I remember that when we first went aground, I began to pray, and even as the hopeless surges of fear arose in my stomach, I also felt reassured that something would work. Most of all, I felt reassured that God was with us, a sense of things that only grew more certain as Bill and Barb from S/V Duet worked side by side with us to get us off those rocks. We all worked for hours, because this was no trivial problem. The wind was blowing at more than 20 mph, a great speed for sailing, but problematic in this situation. The tidal currents at the time of our grounding complicated our problem, because they were running strongly in a direction that forced us farther onto the reef. Around noon, the tide changed, and by then we were ready to take advantage of the current, thanks to our wonderful new friends. Around 1:30 in the afternoon, we all sat down in the cockpit to rest. The boat was afloat. Two anchors held us in place against both wind and current. As our new friends departed in their dinghy, we gave thanks for their help and for our new safe location. We felt deeply blessed by the kindness of these people. The Bible tells of many situations in which angels arrive to give messages and help people, and we felt pretty sure that Bill and Barb were angels. In days to come, they followed up with radio calls to be sure we were doing well. When we overheard their response to another boat that had run aground nearby, we became convinced that they were, indeed, angels, and the crew of the other boat agreed with us.

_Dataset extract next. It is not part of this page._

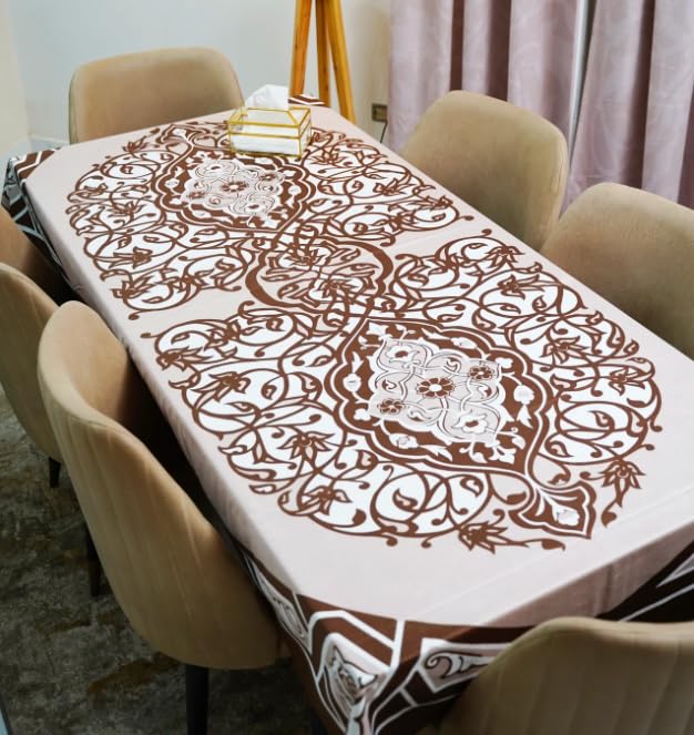 Generic - مفرش طاولة مزخرف بنمط ميدالية مزخرفة، بني وابيض، قماش مخملي ناعم، متوفر بمقاسات متعددة (90 × 90 سم الى 140 × 280 سم) (140 × 240)

Our situation was no longer dire, but we still did not have an engine. Because our boat is a sailboat, however, we did have the option to sail out of the anchorage if Larry were unable to repair the engine. Bill and Barb had specifically planned for that possibility when they left us anchored directly in front of the entrance to the cove. We all thought that position poised us for success if we had to sail out. When all was said and done, Larry and I gave thanks for our new friends, and we gave thanks for God’s care for us in the difficult situation. The heavy weight of fear that had seized us at the moment of grounding was lifted, and we felt genuine relief.

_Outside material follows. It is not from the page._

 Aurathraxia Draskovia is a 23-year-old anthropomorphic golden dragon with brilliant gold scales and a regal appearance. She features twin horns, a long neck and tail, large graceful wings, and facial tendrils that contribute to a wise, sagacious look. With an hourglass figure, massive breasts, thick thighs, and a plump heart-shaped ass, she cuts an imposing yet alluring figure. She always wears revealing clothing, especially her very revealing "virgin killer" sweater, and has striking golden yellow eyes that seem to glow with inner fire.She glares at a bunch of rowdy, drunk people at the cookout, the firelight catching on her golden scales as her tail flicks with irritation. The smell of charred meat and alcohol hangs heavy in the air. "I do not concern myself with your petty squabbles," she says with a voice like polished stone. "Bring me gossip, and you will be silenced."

The next day, we were still safely at anchor, but much more uncomfortable. The weather had changed. Winds directly from the east were pushing big waves at us, and we were pummeled by the combination of the waves from the ocean and the ferocious tidal currents. We could not possibly sail out against the combined force of wind and current. Our anchors were under fearful strain, which began to produce a new problem. Our primary anchor was equipped with heavy chain all the way to its point of attachment to the boat. Our secondary, however, had only 75 feet of chain, after which the remaining rode was rope. The way we had anchored the first day put the secondary anchor in a location that gave it the primary stress on the second day, and that stress was beginning to chafe the rope rode. We scrambled to find gear to prevent the chafing, but none of our interventions was reliable for any length of time. We could not remain anchored like this, because the chafing would eventually part our rope rode, and we would lose our secondary anchor. We could not go, and we could not stay. Larry struggled with the engine problem to no avail. We prayed and watched and did what we could to alleviate the situation.

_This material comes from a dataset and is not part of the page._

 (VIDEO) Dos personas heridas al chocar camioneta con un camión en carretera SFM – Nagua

Once again, Bill from Duet stepped in to help. He saw a passing boat with huge twin outboards, and he hailed the captain with a request to help us move to a better location. After M/V Cutting Edge arrived, he helped us raise both of our anchors and then towed our boat to a location out of the current and more sheltered from wind. We felt pretty sure that he was an angel, too, and we prayed God’s blessings on him as he departed to continue his fishing trip. Again, we felt blessed and secure. Our new location was a place where we could safely remain until we either got the engine going or saw the right window to sail out, even if that were many days hence. We could not doubt for a minute that God was present with us. Once again, just when we were at the end of our abilities, God provided what we needed.

The next day was Sunday. As we prepared for our normal worship aboard, we commented to each other that we had more reason than usual to worship and praise God. So many good things had happened to us that we surely needed to give him thanks and praise more than ever. We could not focus on the bad things. They seemed trivial by comparison with our blessings. We worshiped. We prayed. We sang psalms and hymns. We celebrated God’s presence and power in our lives. We had no doubt that he was watching over us, present with us.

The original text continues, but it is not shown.